The property has become an easy target, too big for four or five security guards to properly protect. In addition to having its assets leave through the front door as part of a series of auctions, some are leaving through the back doors and windows. Thieves are going after copper wire and construction material, including tools – anything they can move quickly.

This isn’t the first time they targeted the property, as the crooks were able to steal material on November 28 of last year. They made another hit a week later. It’s likely the attacks will continue, with IPI security stretched too thin to patrol the large property adequately.

Asset Sale Could Keep CCC Alive

The Commonwealth Casino Commission (CCC) has no money and no emergency funding from the CNMI government. As a result, it recently shut down, but is still trying to keep itself from having to dissolve completely.

Members of the CCC met last Thursday in a regularly scheduled session, according to Marianas Variety. It reported that several members, including chairman Edward C. Deleon Guerrero, had to attend via videoconference, since they weren’t in Saipan.

The commission is trying to work with the government to come up with a solution to its financial situation, as well as that of the IPI debacle. Commissioners didn’t elaborate on any concrete plans they might have in the works.

They did offer some insight into how they could fund the commission. It wants to receive some of the proceeds from the ongoing auctions that Clear Management, Imperial Palace’s receiver, is holding.
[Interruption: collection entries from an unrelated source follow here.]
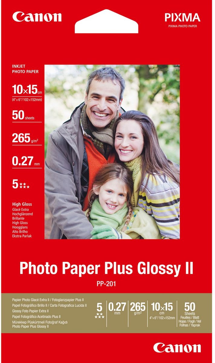 Canon’s Photo Paper Plus Glossy II (Professioneel glanzend fotopapier II) is het perfecte fotopapier voor superieure kwaliteit fotoprints met een glanzende afwerking.Dit hoogwaardige papier is perfect voor digitale foto’s en extra prints.
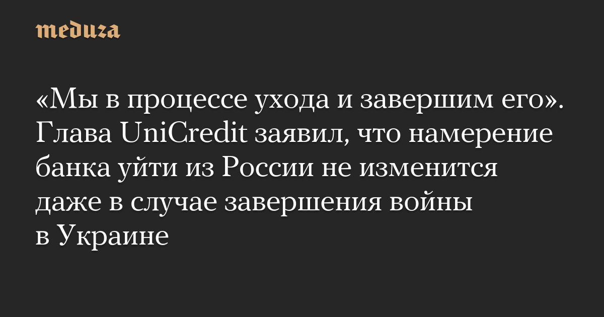 «Мы в процессе ухода и завершим его». Глава UniCredit заявил, что намерение банка уйти из России не изменится даже в случае завершения войны в Украине
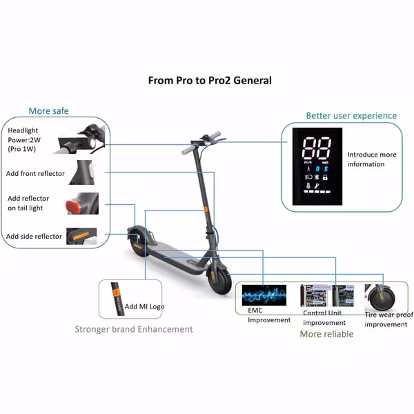 På den stora LED-skärmen kan du få en snabb överblick över din hastighet, körsträcka, körläge och elscooterns batterinivå. Nu kan du även ansluta din Mi Electric Scooter PRO2  till Mi Home-appen och hålla koll på din hastighet och batterinivå direkt i din smartphone. Scootern är kompatibel med Android 4.3 och från och med iOS 9.0.
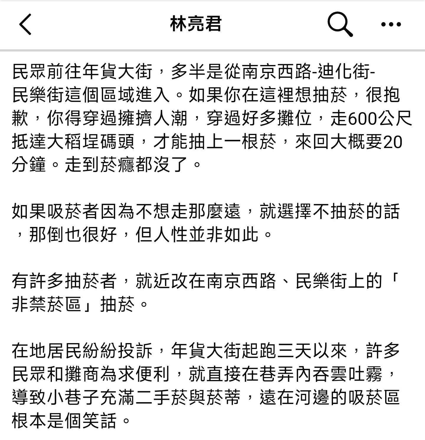 因為根本不用走20分鐘到規劃的吸菸區 走到年貨大街旁邊沒在範圍內的非禁菸區
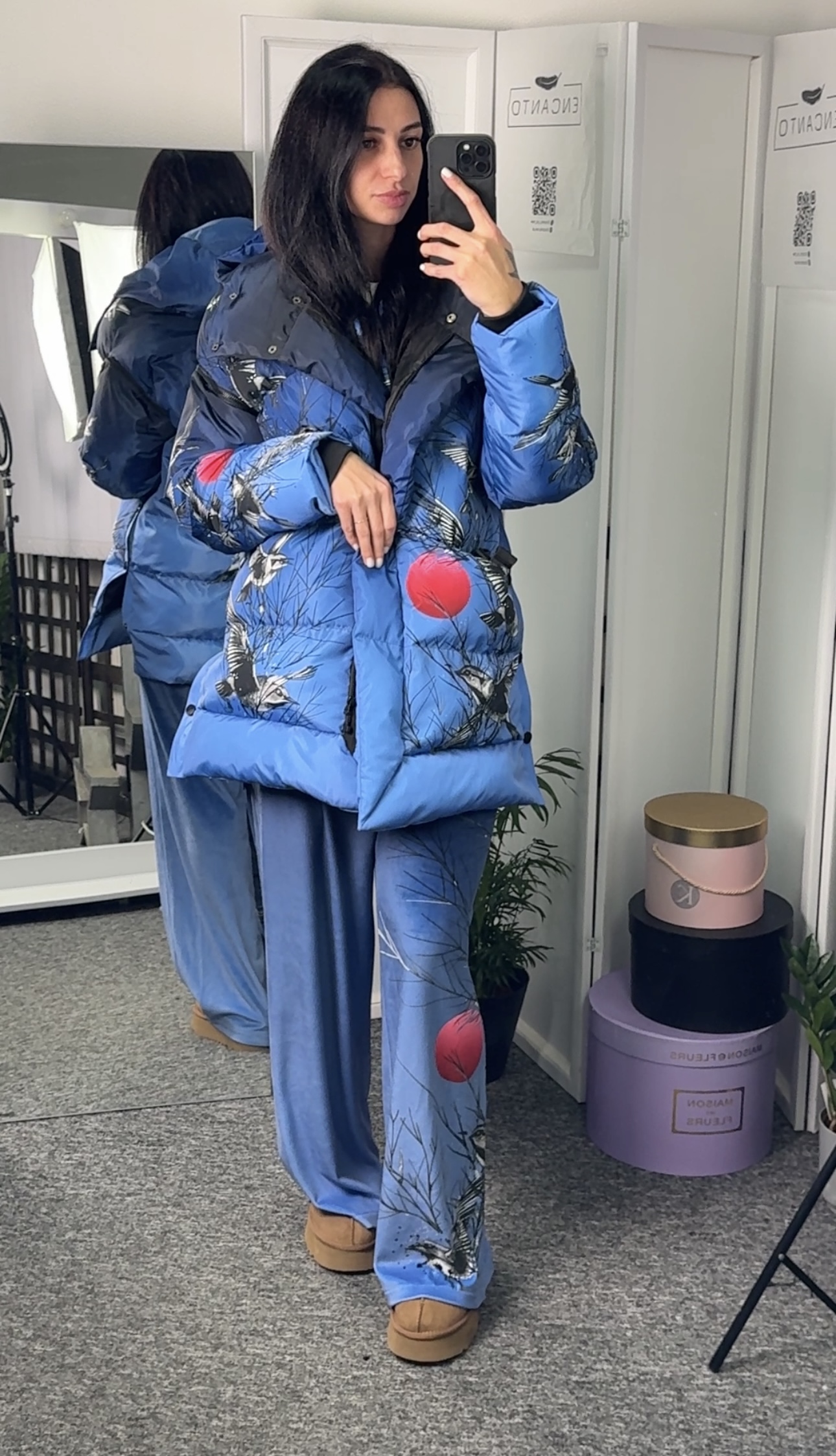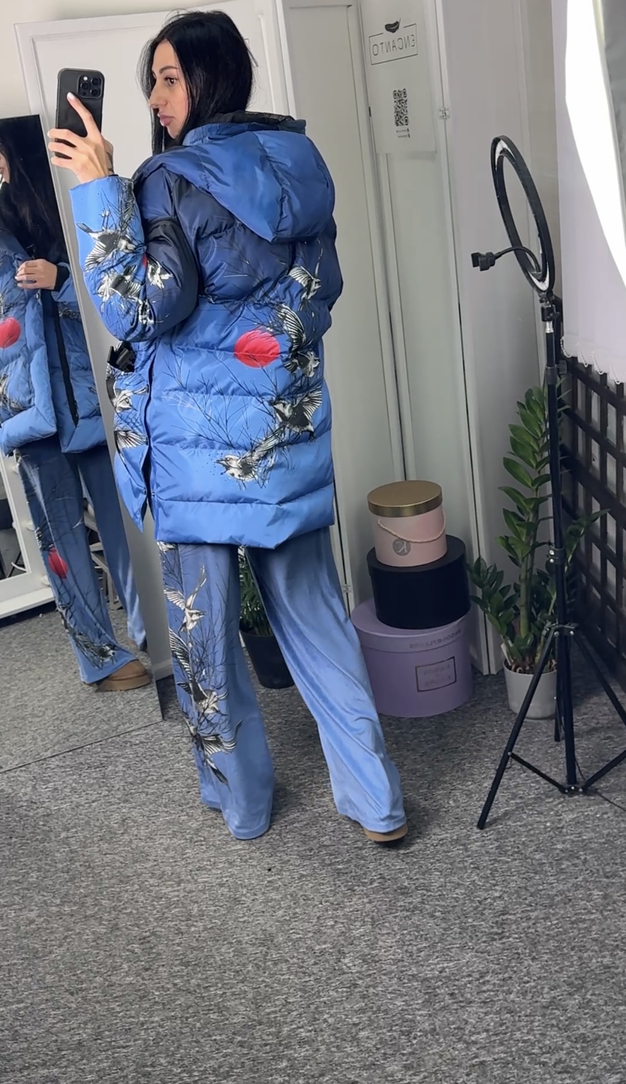 Прямий крій, застібується на блискавці, поверх блискавки планка з кнопками, рукава відстібуються на блискавці, є приховані манжети, капюшон вшитий, з обох боків є розрізи – на кнопках, кишені з обох боків, пасок у комплекті.
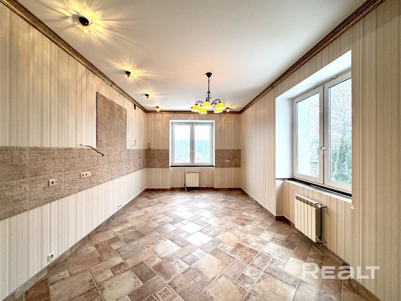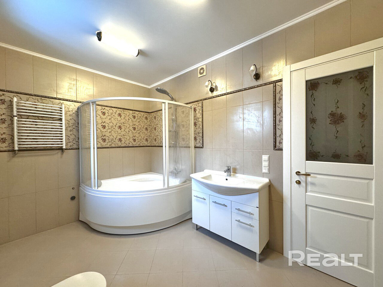 - вся плитка производство Испания, сантехника (Чехия, Германия), радиаторы - Италия, двери межкомнатные МДФ, светильники - Италия, полы - паркетная доска и кафель (подогрев водяной), обои производство Германия, смесители - Германия, подоконники - мрамор, лестница облицована плиткой, кровать производство Малайзия (ковка + матрас VEGAS), трюмо, теннисный стол.
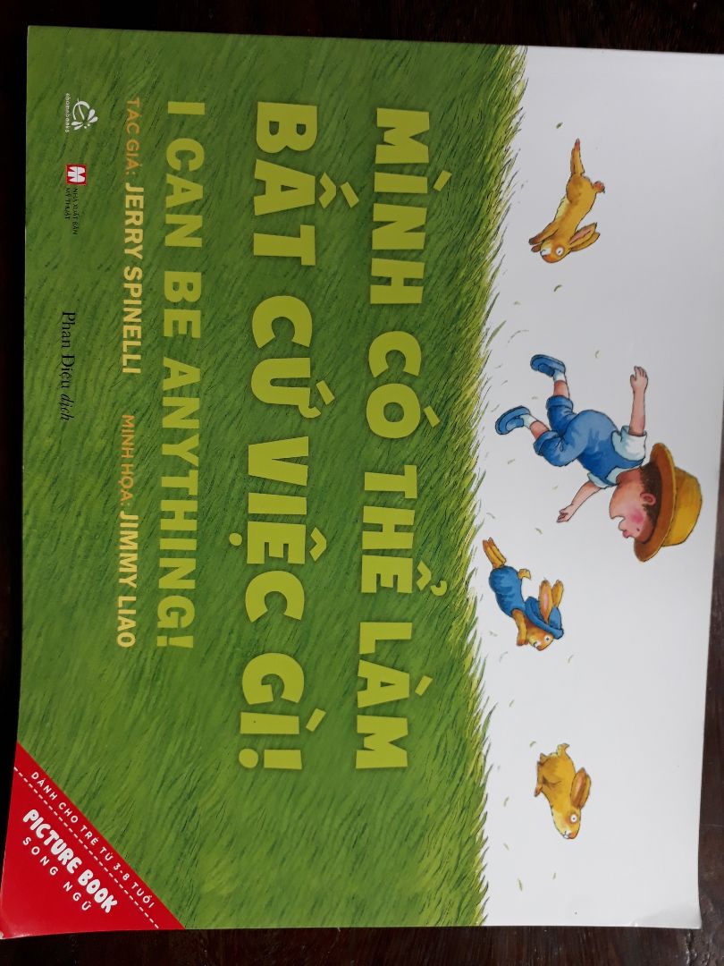 Mình Có Thể Làm Bất Cứ Việc Gì! – I Can Be Anything! Nếu các bé thắc mắc: “Khi mình lớn lên, mình sẽ làm gì nhỉ?”, hẳn ba mẹ sẽ nghĩ các bé muốn làm bác sĩ chữa bệnh cho mọi người, làm cô giáo để dạy toán cho các em nhỏ, làm một chú công an hay một người lính cứu hỏa oai phong… Có rất nhiều nghề cho các bé yêu thích và lựa chọn. Nhưng… Ba mẹ có biết trong đôi mắt của trẻ thơ, thế giới xung quanh tuyệt vời như thế nào không? Suy nghĩ của các em lại khác hoàn toàn so với những gì ba mẹ nghĩ. Chắc chắn ba mẹ sẽ bất ngờ bởi khi lớn lên, các bé sẽ thích làm “người trồng bí ngô”, “người bế cún con”, “người dỗ dành em gái nhỏ, “người cười ngoác mang tai”, hay thậm chí là “người uống nước chanh ừng ực”… Tất cả những “công việc” đó được thể hiện một cách hóm hỉnh và vui tươi trong cuốn sách “Mình có thể làm bất cứ việc gì! – I can be anything!” của tác giả Jerry Spinelli và được minh họa bằng những bức tranh tuyệt vời của họa sĩ Jimmy Liao. Với cuốn sách song ngữ xinh đẹp này, các bé sẽ được chìm đắm trong thế giới của riêng mình, nơi trí tưởng tượng bay xa và các em có thể làm bất cứ việc gì mà mình thích. Chưa hết, ba mẹ và các bé sẽ khám phá ra tên gọi của rất nhiều “công việc” trong tiếng Anh, và sau cùng bé sẽ chọn công việc nào nhỉ? Câu trả lời sẽ có trong “Mình có thể làm bất cứ việc gì! – I can be anything!” – Cuốn sách tuyệt vời mô tả thế giới trong đôi mắt trẻ thơ…
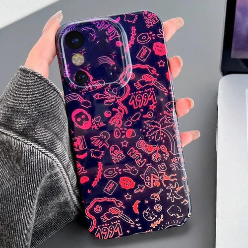 Estuche para teléfono iPhone Xr PC con Orificio Preciso y Patrón Pintado (Púrpura Negro)
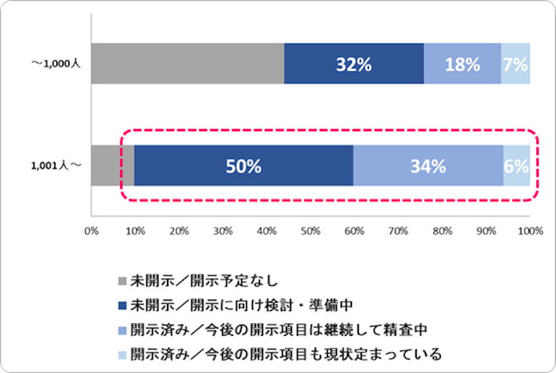 1,000名超の企業では9割以上の企業が開示に向けて準備を進めている、
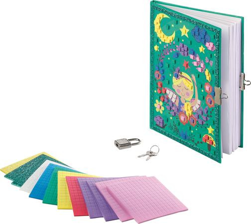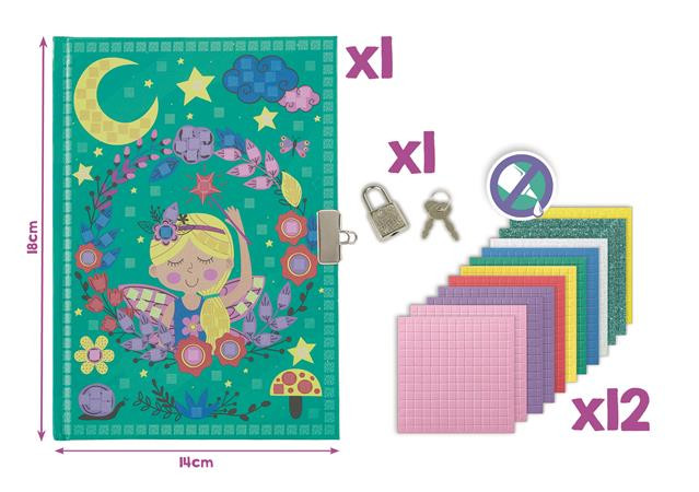 Tündérmesékből ihletett, testreszabható titkos napló, melyre minden kislánynak szüksége lehet. A mozaikok helye előre meghatározott, színkódolt, hogy megkönnyítse az alkotást (opcionális). A készlet tartalma: 1 db napló 60 vonalas lappal (70g/lap) 12 ív EVA hab mozaik matrica (7x7 cm) 1 db kis fém lakat 2 kulccsal Napló mérete: 132x184 mm Ajánlott kor (év): 5+ Gyártó/első EU forgalmazó elérhetősége: MAPED SAS 530 route de Pringy - 74370 Argonay sophie.souillard@maped.fr www.maped.com
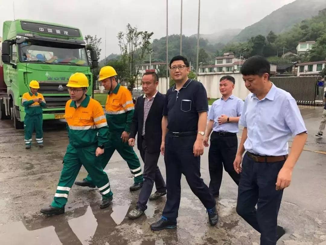 堯斯丹副省長(zhǎng)(右三)、張平副市長(zhǎng)(右二)、賈利華縣長(zhǎng)(右一)實(shí)地查看生產(chǎn)現(xiàn)場(chǎng)
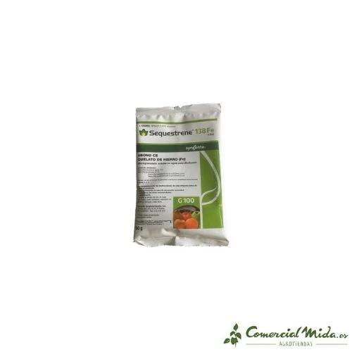 Sequestrene de Syngenta es un quelato de alta calidad indicado para la corrección de la amarillez denominada como clorosis férrica. Su fórmula es fácilmente soluble en agua, gracias a su diseño en forma de gránulos finos que evitan la formación de polvo. Este producto tiene una elevada concentración de hierro asimilable compuesto por un 7% de hierro soluble, un 6,2% de hierro quelatado y otros agentes con las mismas propiedades. Una de las funciones principales del hierro es la reducción de nitratos y sulfatos, ya que es un gran constituyente de pigmentos y encimas, interviniendo en la captación y transformación de la energía tanto en la fotosíntesis como en la respiración y, aunque no forme parte de la clorofila, es necesario para su síntesis (pigmentación verde).
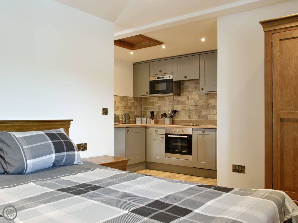 The Byres Methera is a first floor apartment which is perfect for couples looking for a relaxing break. With underfloor heating throughout it’s warm and cosy feel is just perfect after a day of exploring this beautiful part of the world. Its open plan living, kitchen and dining area offer a very convenient layout. Finished to a high standard the contemporary look and feel of this holiday cottage is evident as soon as you walk in. The bedroom with kingsize bed complete with TV is spacious with plenty of storage for your belongings. The bathroom has been finished to a good standard and features a modern shower cubicle.
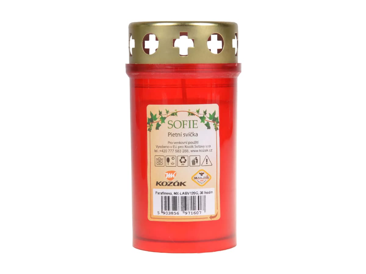 Dodání do 5 pracovních dnů svíčka HŘBITOVNÍ olejová SOFIE 120g ČERVENÁ 9,5cm PeMi kód: 690611 EAN: 8591570073911 Svíčka s přídavkem oleje. Vyniká mimořádně dlouhou dobou hoření až 1,5-2 dny. Doba hoření závisí na klimatických podmínkách. Určeno pro venkovní použití. 21 Kč Do košíku
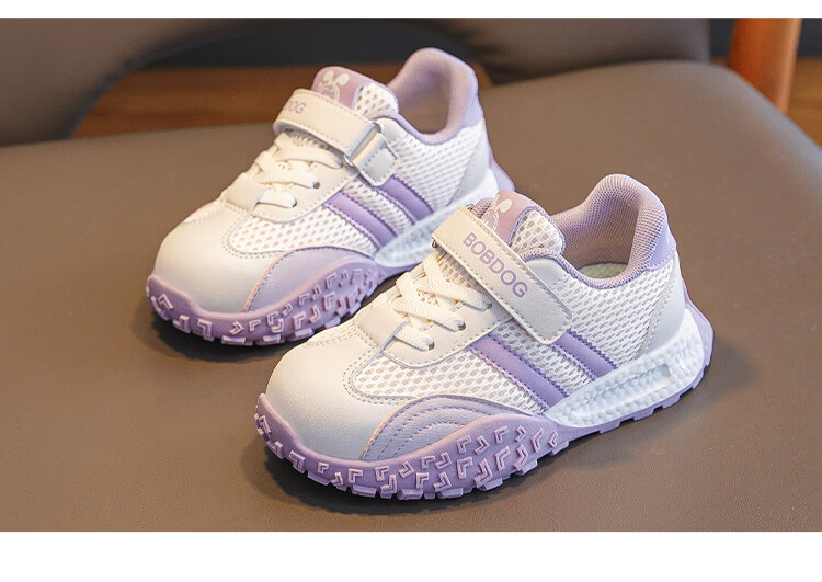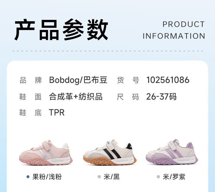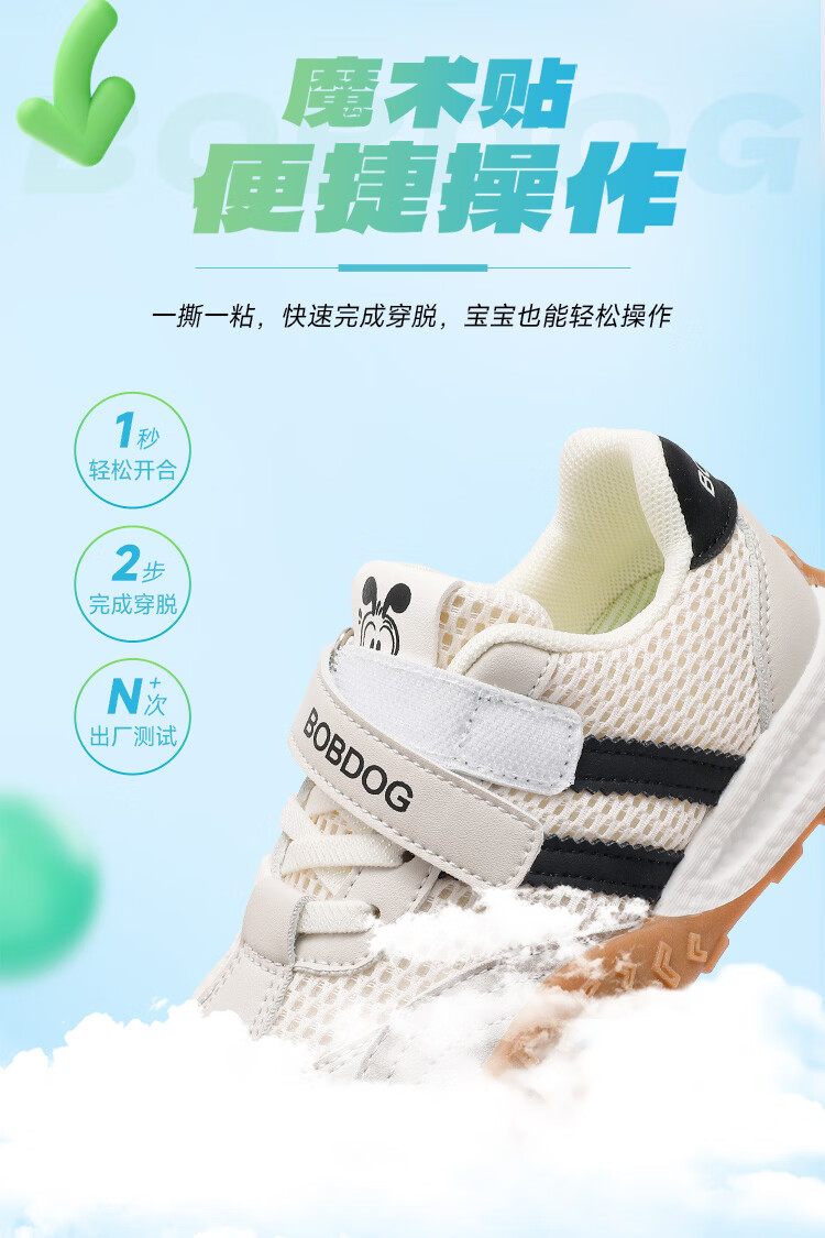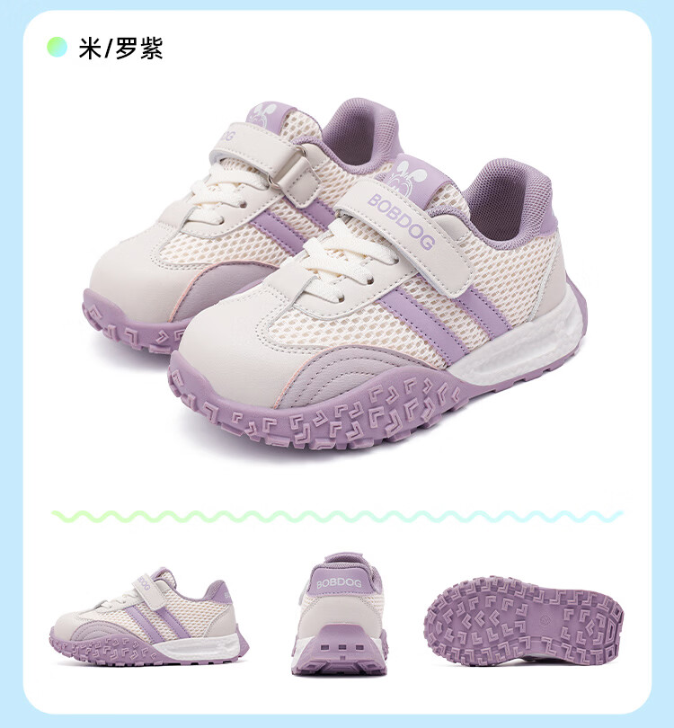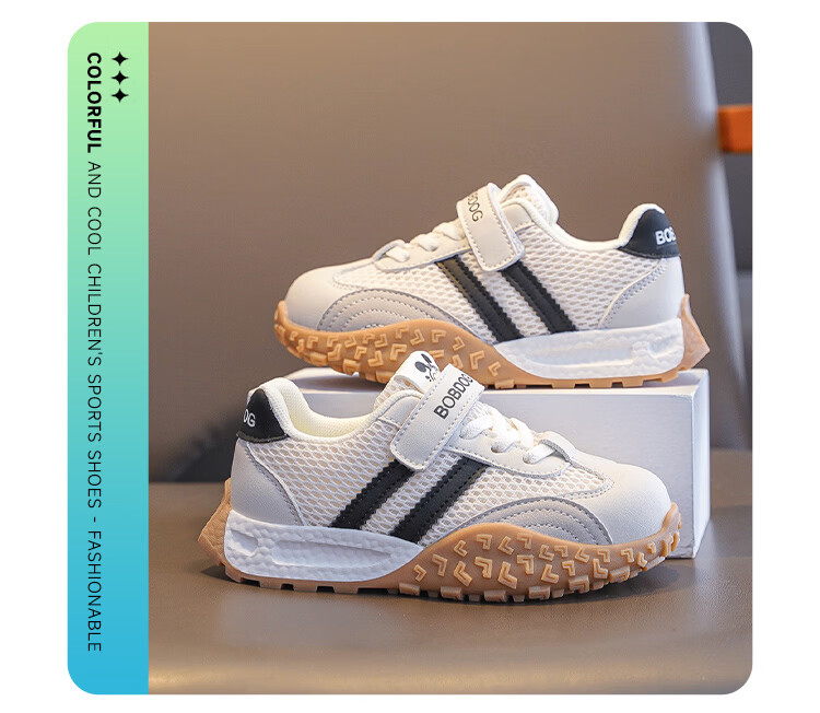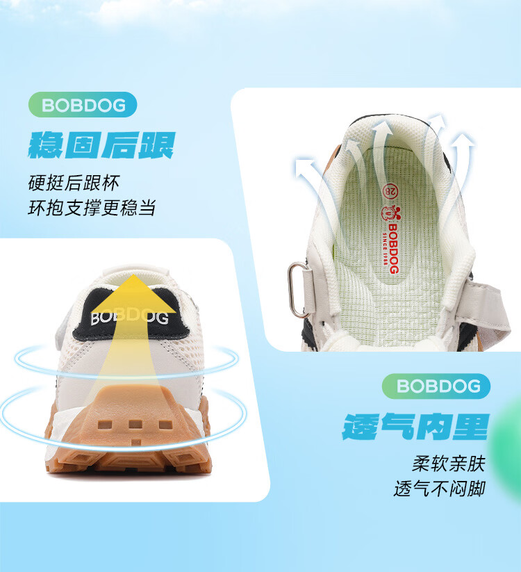 巴布豆(BOBDOG)童鞋男童春季休闲鞋2026女宝跑步鞋中大童网面德训鞋儿童运动鞋 米/黑 29 适合脚长17.6cm

Clear Management is overseeing what could be six auctions a court judge approved to help pay down IPI’s debt. It wrapped up its third auction on January 6, during which it received confirmation of $101,550 from bidders to purchase various items.

A CNMI court has to give the final approval for the sale before Clear Management can settle the transactions. In total, the receiver has transacted $713,150 through the first three auctions.

It isn’t clear how much of that, if any, the CCC could receive. IPI owes it at least $9 million in regulatory fees, which is just a small portion of what it owes in taxes and other fiduciary responsibilities. It also still owes tens of millions of dollars to settle private lawsuits, but has no money to do so.